• What you have to do: Output, exactly as written, the lines below from the one that has "Cargador USB doble" through the one that has "SoldOmega Speedmaster Professional"; nothing else, and no pictures.
====== Records for this task
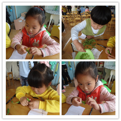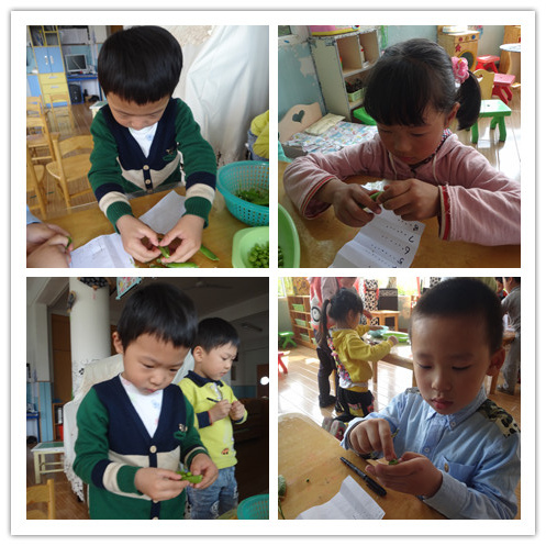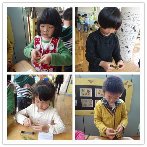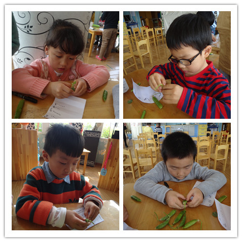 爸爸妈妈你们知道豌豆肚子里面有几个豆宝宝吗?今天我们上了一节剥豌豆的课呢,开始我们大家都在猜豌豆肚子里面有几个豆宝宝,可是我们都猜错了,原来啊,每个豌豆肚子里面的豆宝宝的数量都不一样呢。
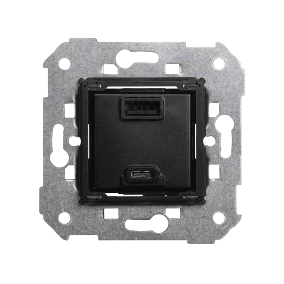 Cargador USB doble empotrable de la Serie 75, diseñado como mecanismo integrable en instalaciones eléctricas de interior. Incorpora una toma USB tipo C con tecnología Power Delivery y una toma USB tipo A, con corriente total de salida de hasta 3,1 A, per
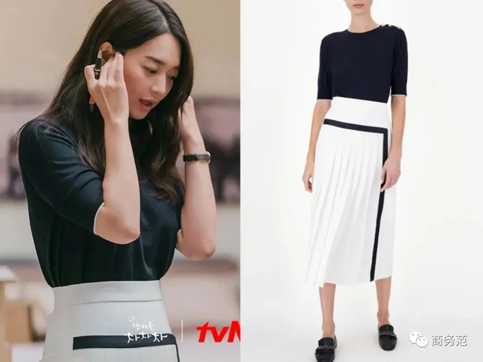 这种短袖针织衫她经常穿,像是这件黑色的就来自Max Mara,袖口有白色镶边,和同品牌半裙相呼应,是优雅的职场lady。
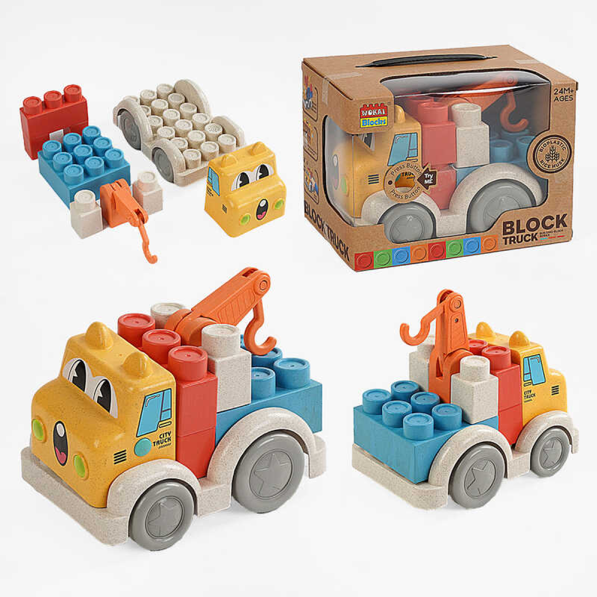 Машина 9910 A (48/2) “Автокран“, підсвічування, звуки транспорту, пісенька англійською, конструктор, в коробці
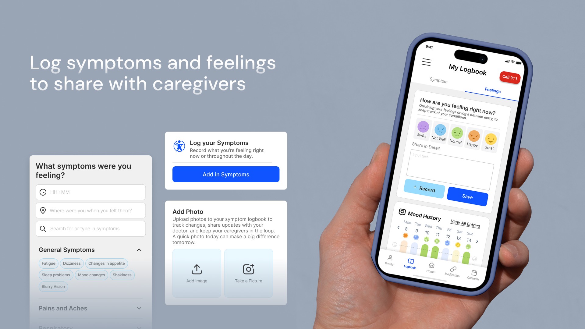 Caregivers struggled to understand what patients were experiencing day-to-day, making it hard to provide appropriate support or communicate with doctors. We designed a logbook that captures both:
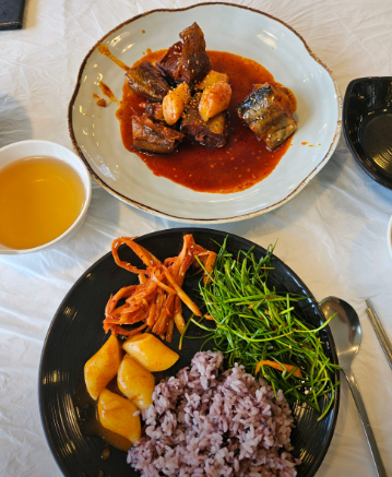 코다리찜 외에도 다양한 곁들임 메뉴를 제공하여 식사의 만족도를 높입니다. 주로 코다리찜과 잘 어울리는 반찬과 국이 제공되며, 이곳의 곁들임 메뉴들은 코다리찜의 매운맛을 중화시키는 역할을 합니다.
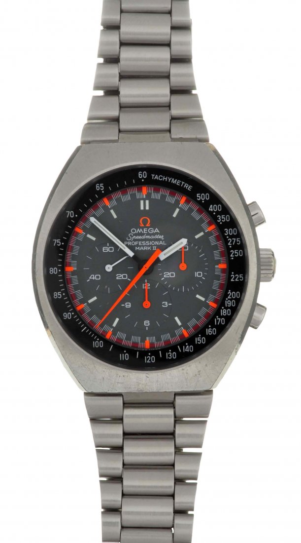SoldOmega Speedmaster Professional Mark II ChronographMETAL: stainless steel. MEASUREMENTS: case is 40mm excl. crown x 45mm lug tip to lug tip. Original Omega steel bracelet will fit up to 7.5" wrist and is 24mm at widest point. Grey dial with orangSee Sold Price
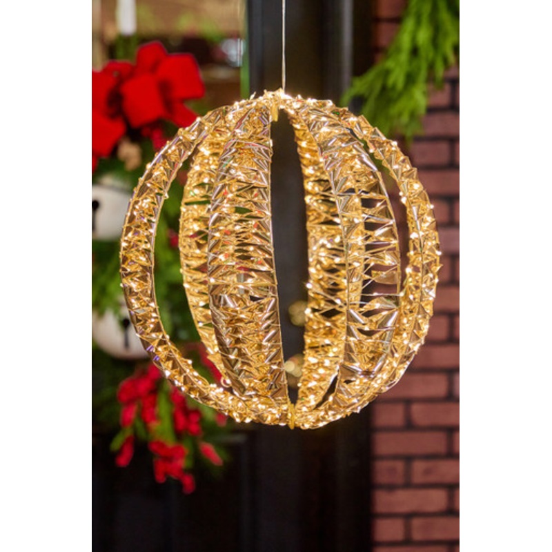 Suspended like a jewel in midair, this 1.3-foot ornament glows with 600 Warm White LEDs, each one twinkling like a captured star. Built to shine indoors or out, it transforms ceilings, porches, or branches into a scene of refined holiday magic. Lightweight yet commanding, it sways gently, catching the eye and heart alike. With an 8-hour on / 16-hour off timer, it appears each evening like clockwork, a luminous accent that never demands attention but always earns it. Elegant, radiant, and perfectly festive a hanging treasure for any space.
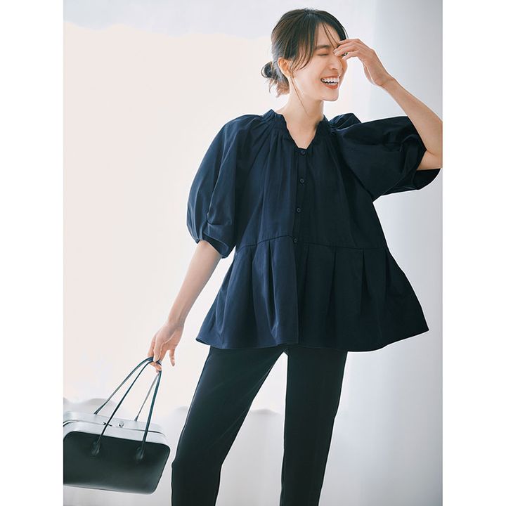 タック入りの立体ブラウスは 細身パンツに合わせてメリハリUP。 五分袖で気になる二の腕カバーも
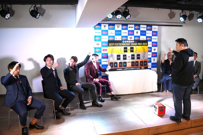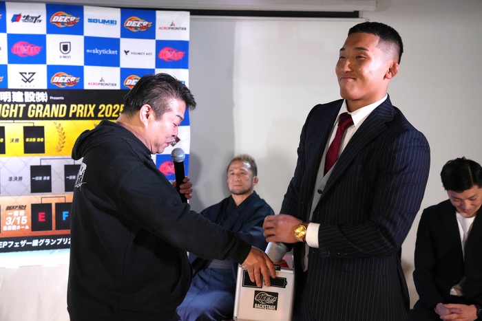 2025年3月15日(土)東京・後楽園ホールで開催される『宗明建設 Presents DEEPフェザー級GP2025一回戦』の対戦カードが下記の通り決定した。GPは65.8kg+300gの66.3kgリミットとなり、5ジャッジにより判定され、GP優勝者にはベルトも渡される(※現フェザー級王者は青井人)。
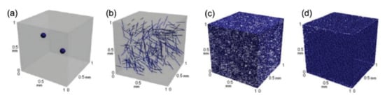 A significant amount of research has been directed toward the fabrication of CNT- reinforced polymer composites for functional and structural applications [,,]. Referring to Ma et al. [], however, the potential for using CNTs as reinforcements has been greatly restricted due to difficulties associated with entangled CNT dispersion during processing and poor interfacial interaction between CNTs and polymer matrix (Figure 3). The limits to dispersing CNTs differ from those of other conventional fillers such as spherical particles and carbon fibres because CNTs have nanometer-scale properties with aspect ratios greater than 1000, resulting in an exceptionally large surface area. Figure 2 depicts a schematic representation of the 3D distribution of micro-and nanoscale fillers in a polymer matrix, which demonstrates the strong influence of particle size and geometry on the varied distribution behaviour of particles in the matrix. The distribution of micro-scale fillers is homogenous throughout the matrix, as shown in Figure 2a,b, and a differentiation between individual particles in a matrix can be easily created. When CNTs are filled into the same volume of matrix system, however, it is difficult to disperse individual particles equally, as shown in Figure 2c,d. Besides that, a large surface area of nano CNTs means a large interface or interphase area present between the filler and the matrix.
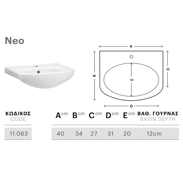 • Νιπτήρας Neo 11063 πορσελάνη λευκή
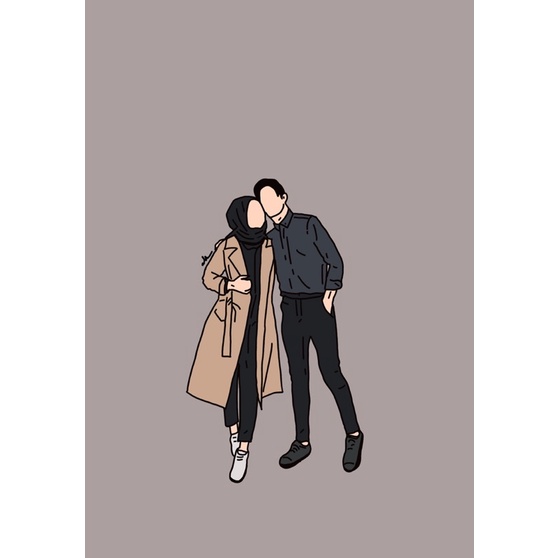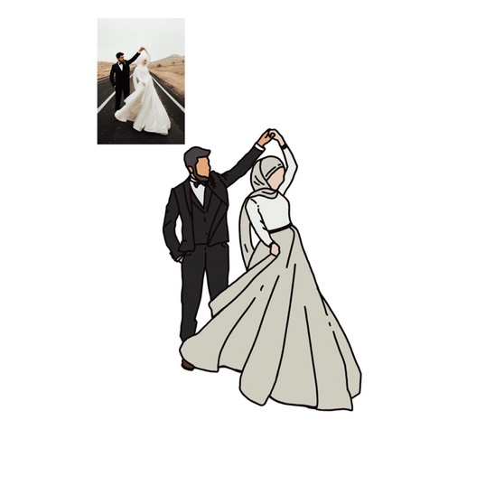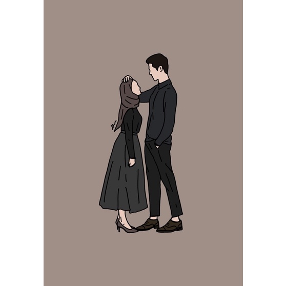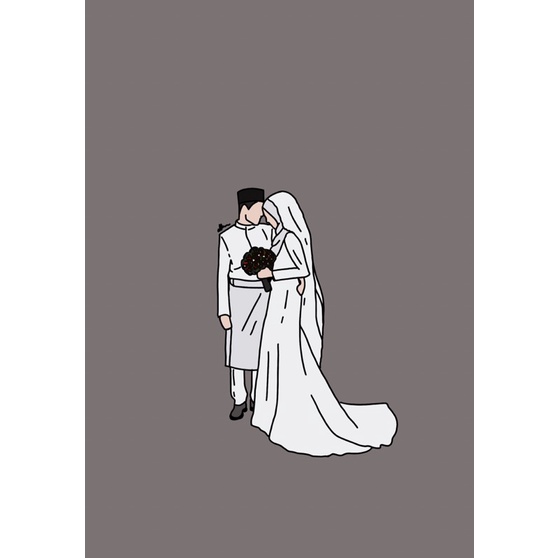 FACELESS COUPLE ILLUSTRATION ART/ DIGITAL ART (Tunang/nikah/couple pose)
============
• Exercise solution:
 Cargador USB doble empotrable de la Serie 75, diseñado como mecanismo integrable en instalaciones eléctricas de interior. Incorpora una toma USB tipo C con tecnología Power Delivery y una toma USB tipo A, con corriente total de salida de hasta 3,1 A, per
 这种短袖针织衫她经常穿,像是这件黑色的就来自Max Mara,袖口有白色镶边,和同品牌半裙相呼应,是优雅的职场lady。
 Машина 9910 A (48/2) “Автокран“, підсвічування, звуки транспорту, пісенька англійською, конструктор, в коробці
 Caregivers struggled to understand what patients were experiencing day-to-day, making it hard to provide appropriate support or communicate with doctors. We designed a logbook that captures both:
 코다리찜 외에도 다양한 곁들임 메뉴를 제공하여 식사의 만족도를 높입니다. 주로 코다리찜과 잘 어울리는 반찬과 국이 제공되며, 이곳의 곁들임 메뉴들은 코다리찜의 매운맛을 중화시키는 역할을 합니다.
SoldOmega Speedmaster Professional Mark II ChronographMETAL: stainless steel. MEASUREMENTS: case is 40mm excl. crown x 45mm lug tip to lug tip. Original Omega steel bracelet will fit up to 7.5" wrist and is 24mm at widest point. Grey dial with orangSee Sold Price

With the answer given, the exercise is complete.